In his letter, Cameron makes a strong plea for a competitive European Union, a thought that seems reasonable to economically strong countries like Germany. He also plans on strengthening the influence of national parliaments on a European level, which is, admittedly, an elegant move because it plays on the supposed weakness of the European Parliament and references to the permanently invoked democratic deficit of the EU all at the same time. It would be surprising if the European Parliament gave into this demand without putting up a fight. But then again, their fighting power truly is somewhat limited by the very structure of the Union.
Cameron emphasised once again that less European involvement is the way forward. While this is a well established British position by now, a profound change in the structure of the EU would require altering the Treaties, which is an unlikely and very complex endeavour, one most countries will not readily embark on.
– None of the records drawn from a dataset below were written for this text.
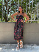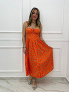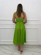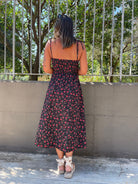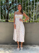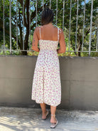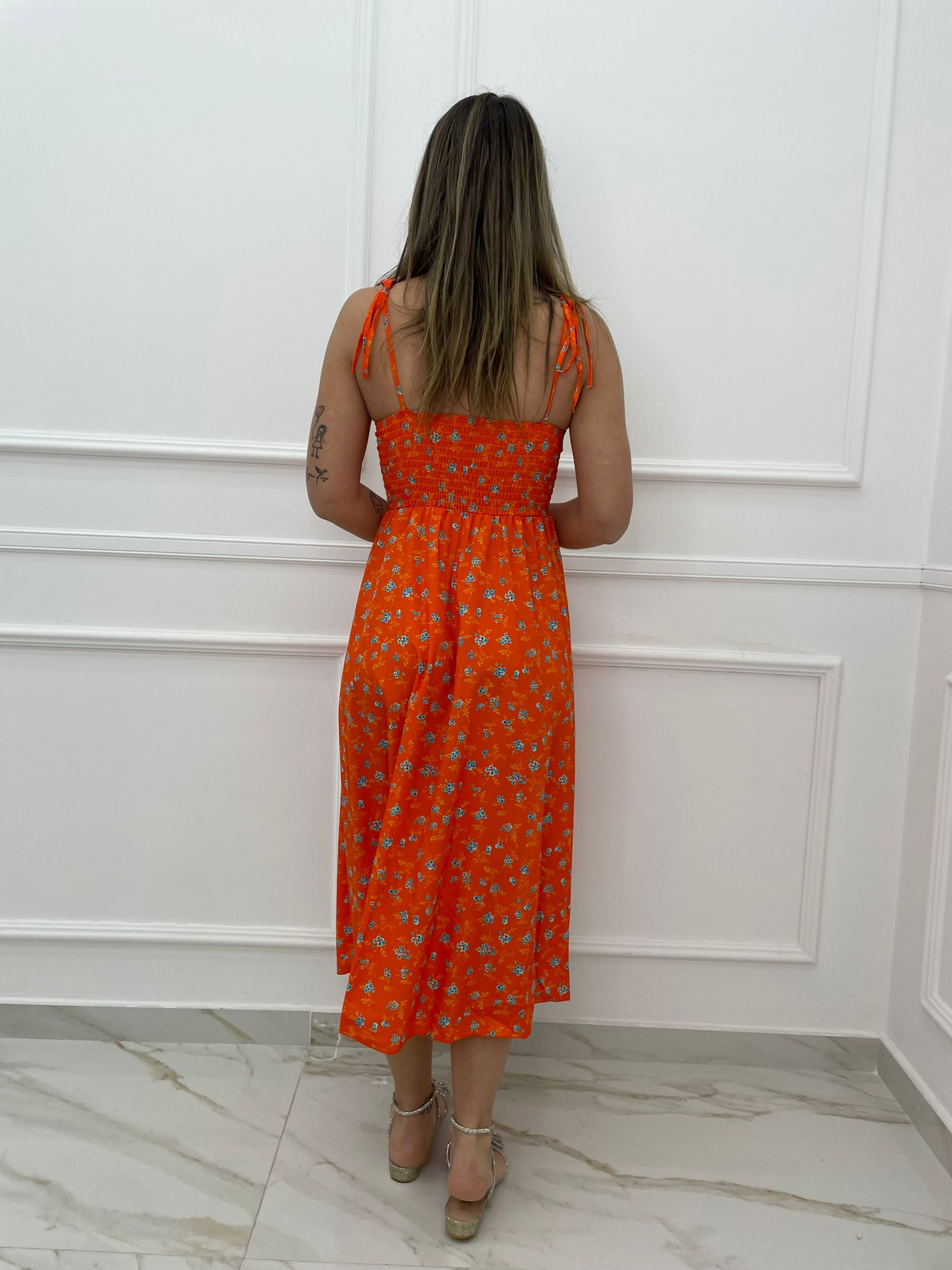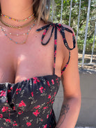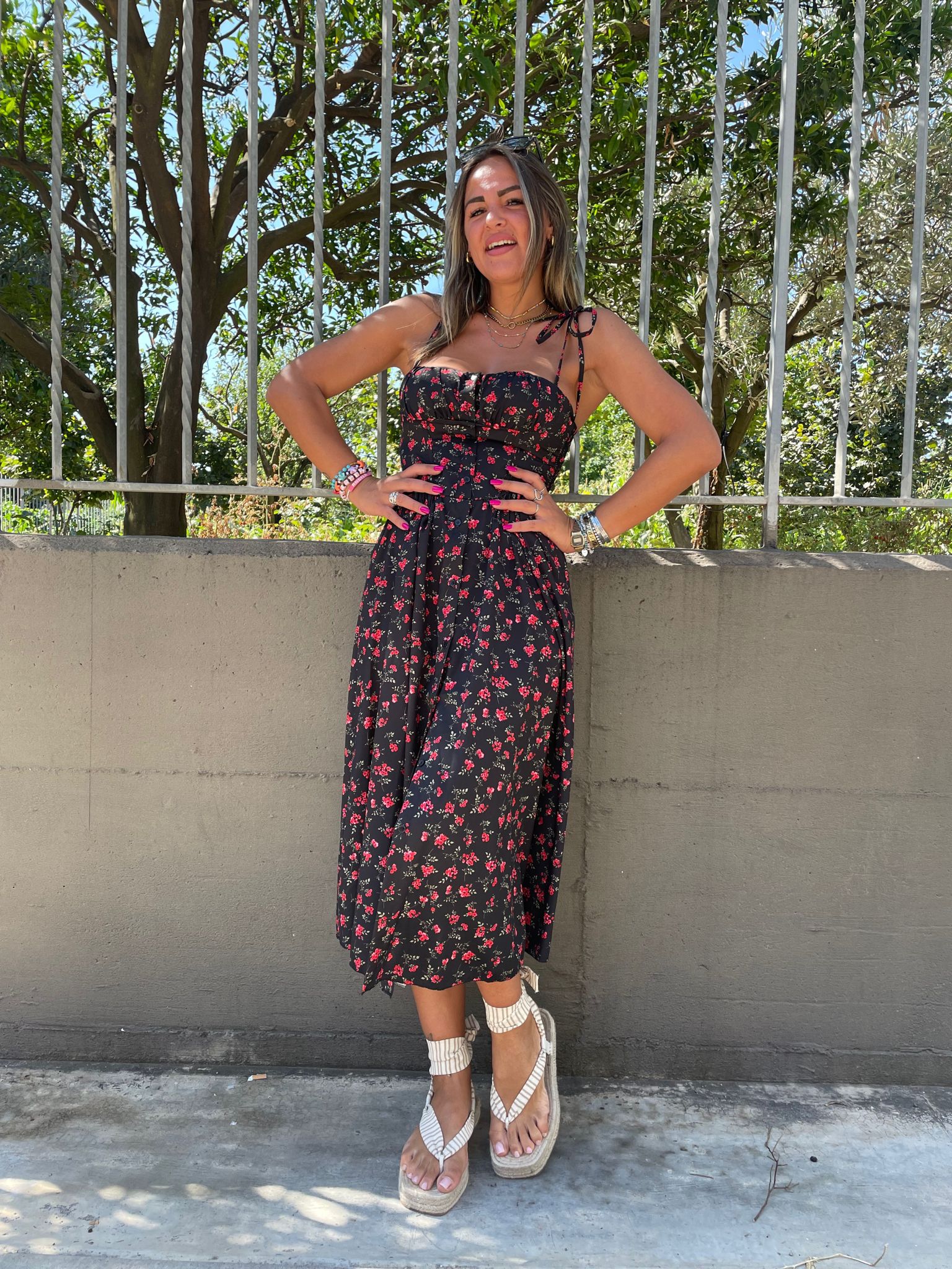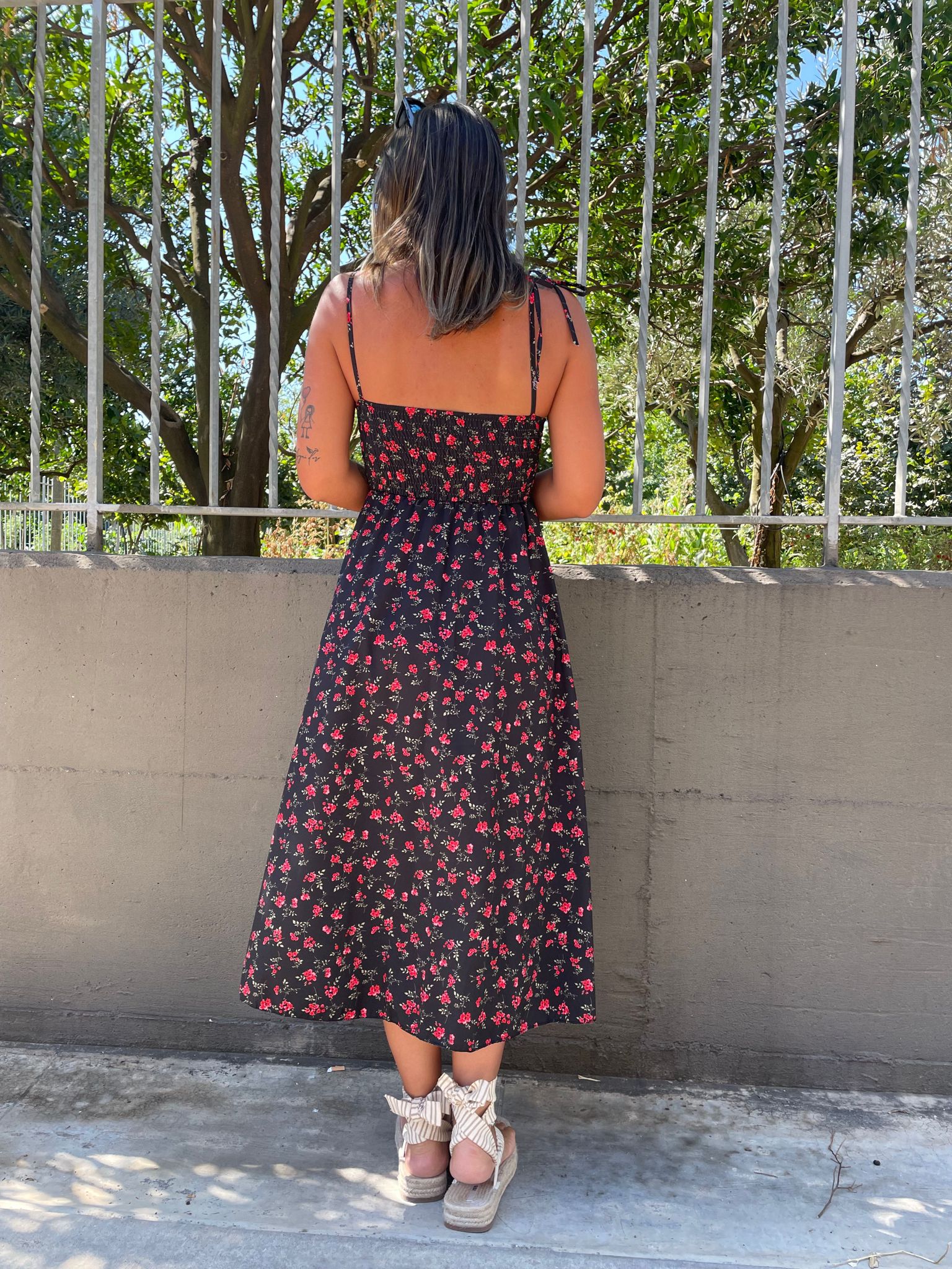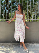 Vestito lungo floreale con corpetto e laccetti alle spalle
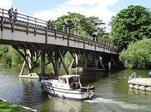 A bridge was first built here in 1837 being a flat timber bridge of beams on posts. Prior to this there was a ferry although occasionally people would ride across, even driving in a one-horse chaise. In 1674 the ferry turned over in the weir pool with the loss of sixty lives.[2] In the 1970s a Citroën Dyane crashed through the railings at the Streatley end of the bridge landing on a concrete weir 16 feet below. The local Citroën dealer used the photo to illustrate the inherent strength of their upmarket 2CV
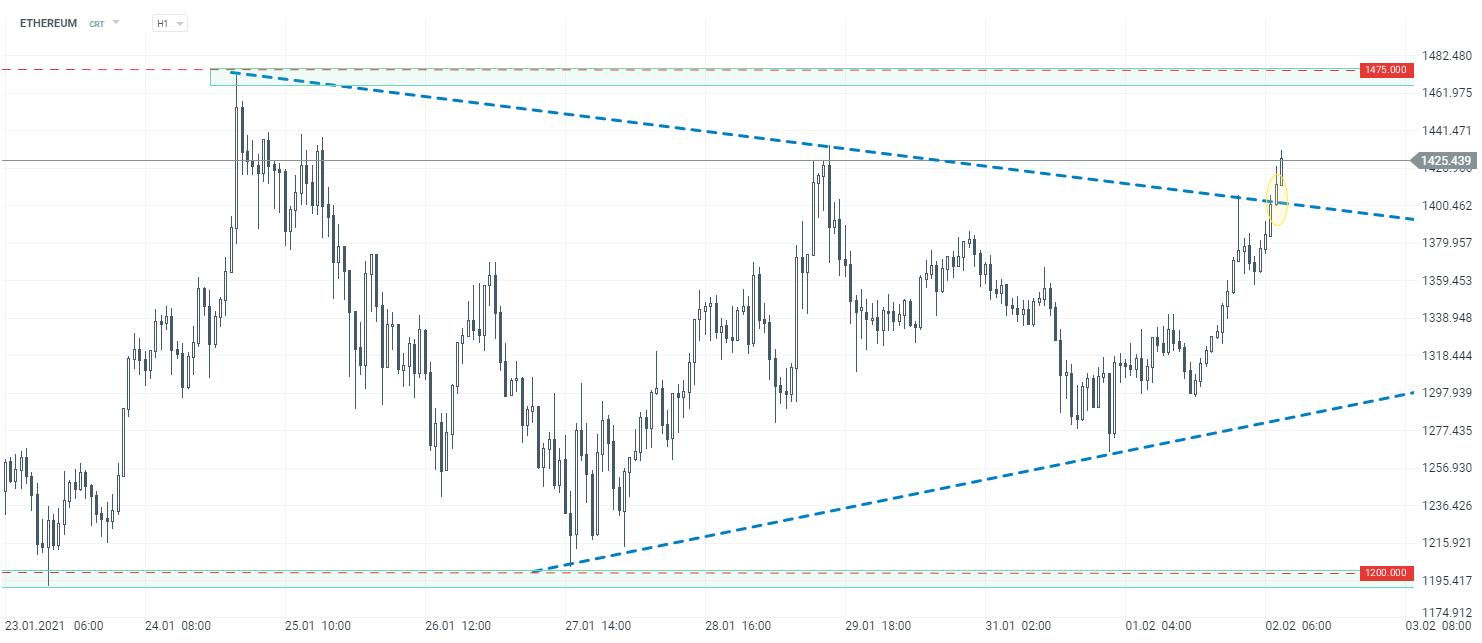 Podczas dzisiejszej sesji możemy obserwować ponad 5-cio procentowe wzrosty na Ethereum. Cena kryptowaluty ponownie zbliża się do historycznych maksimów (1475$), które zostały ustanowione 25 stycznia. Patrząc na wykres H1, doszło do wybicia z formacji trójkąta, co zgodnie z założeniami analizy technicznej przemawia za dalszym ruchem w górę. Czy kierunek wzrostowy zostanie utrzymany?

The crucial point of the letter is neither economy nor sovereignty, instead it is – and how could it be anything else these days – immigration and welfare. Cameron states that EU nationals should only receive certain benefits when they have resided in the UK for four years. From a legal perspective, this is a proposal that breaches European and domestic law, as it is discriminatory.
Apart from numerous other legal issues, this demand is targeting the freedom of movement of EU nationals. One of the four Freedoms, this concept of freedom of movement is a cornerstone of the EU common market. Celebrated as one of the greatest achievements of the EU in other parts of Europe, the British government primarily regards it as a threat.
When politicians and journalists alike point out that Cameron’s stance is comparatively modest, they overlook the built-in contradiction that is on play here; in order to consider staying, the UK wants an EU with a competitive common market, but at the same time they are sawing away on one of the pillars this construct rests on: the freedom of movement of persons.
This piece is not concerned with the question if one should stay in the EU. It can be expected that Brussels will deploy all available instruments, draw on all tricks one can think of in order reach an agreement with London. Nevertheless, the European camel keeps track of British straws.
To some on the other side of the Channel, the freedom of movement of persons is sacred. While this letter of last week may not have been particularly provocative for British standards, it contains political dynamite.
It is essential to recognize it as such, maybe even take a step back from it – if not for emotional reasons, then for the purely pragmatic reason of being able to reach a deal. In the end, this is what Downing Street is working towards.